Most people I encounter don't know much about chemistry, and aren't interested in learning. Mostly what they know is they either never took it in high school or they passed with a grade that meant they didn't have to take it again, but didn't get their report card pinned to the refrigerator. And when someone asks me something like, "What is the best way to dry polish anyway?" I find myself having to mentally disconnect the gears in my head in order to find the absolute simplest explanation for why dipping your fingers in ice water is the exact opposite of what you want to do. Even in "designed-for-8-year-olds, Bill-Nye-the-Science-Guy" terminology, I still risk losing my audience as I watch their eyes cloud over.

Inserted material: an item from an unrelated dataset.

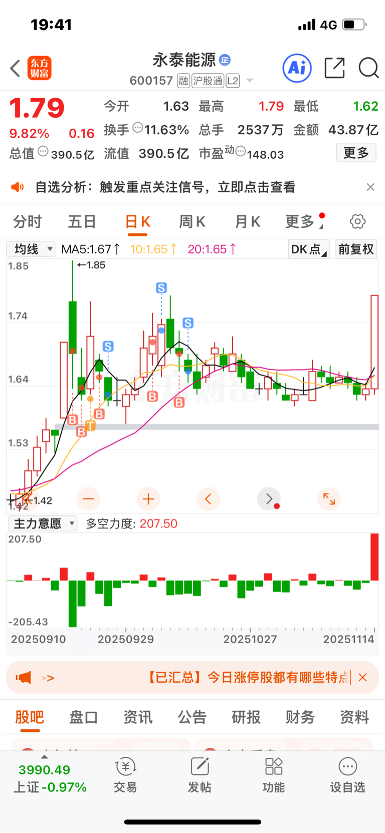 $永泰能源(SH600157)$ 这个票我是吃了大肉的,看着这段时间一直无波动就没怎么关注,结果今天拉得这么猛
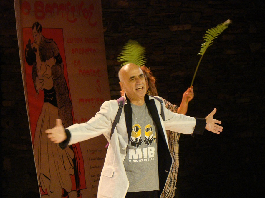 Και κάπου εδώ μπαίνει ένα από τα πιο σπαρταριστά νούμερα: ο Βαρουφάκης!!! Ένα εξαιρετικό κείμενο που έφερε πολύ γέλιο. Ο "Βαρουφάκης" της παράστασης με φανελάκι, σακάκι με σηκωμένο γιακά και σακίδιο!!! Και το σκετς τελειώνει με τον Βαρουφάκη να φεύγει με σηκωμένο δάχτυλο!!! (φωτο: Εν Άνδρω).

On one hand it's funny. On the other, it's frustrating. The average American should have a firm enough grasp of simple chemistry to understand movement of electrons.


But what gets really irritating is that the average grasp of simple chemistry does not get better among nail techs. Seriously, if you want to call yourself a "nail technician" maybe you need to step up and wrap your brain around the technical side of the biz. Of course, it's not like our various licensing agencies and schools are helping any. When I went through the California manicuring course in 1992, I was required to have five hours of chemistry. FIVE. Out of 350. You know what I did to "earn" those five hours? I watched a video on hair color. Seriously.

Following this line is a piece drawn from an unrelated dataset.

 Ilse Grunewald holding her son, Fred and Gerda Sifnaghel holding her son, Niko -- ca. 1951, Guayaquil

So it's no wonder that nearly 20 years later I find myself regularly having to push my chair away from my computer, or excuse myself from conversations with my colleagues, because their ignorance of simple chemistry is so nauseating that I end up feeling like I just rode the teacups at Disneyland for three hours straight.


But aside from feeling frustrated and just plain embarrassed by how many of us don't get it, over the years I have seen many instances of how this ignorance is potentially harmful and I just haven't been able to get this through anybody's head.


First, it makes it very easy for us to fall prey to marketing on the part of our product manufacturers. About 14 years ago a major manufacturer came out with a new line. It was, actually, a quality product, and it gained popularity quite fast. Unfortunately, the manufacturer insisted on referring to this product as "organic."


Well. It is. All acrylic is. Even MMA is organic. The problem is that "organic" in chemistry isn't the same thing as "organic" in agriculture. In chemistry, "organic" refers to carbon-based compounds, which includes acrylic polymer resins. Problem is that most people, nail techs included, think the word "organic" means that anything thus labeled must be "healthy" and — I particularly love this one — doesn't have any chemicals in it. And don't tell me that the product manufacturer wasn't aware of this.


So what happened was that a lot of salons started using this product and ended up hurting a lot of clients. This is because clients would call up and say, "I'm allergic to acrylic. Is there anything you can do?" and the tech would say, "Oh that's not a problem! I don't use acrylic. My products are all organic."


Yes. It's true. It happened. I ended up with a few of those clients in my chair, having to explain organic chemistry to them. And I encountered that same ignorance more than once while job-hunting. I found multiple salons that were convinced the acrylic product line they used wasn't acrylic.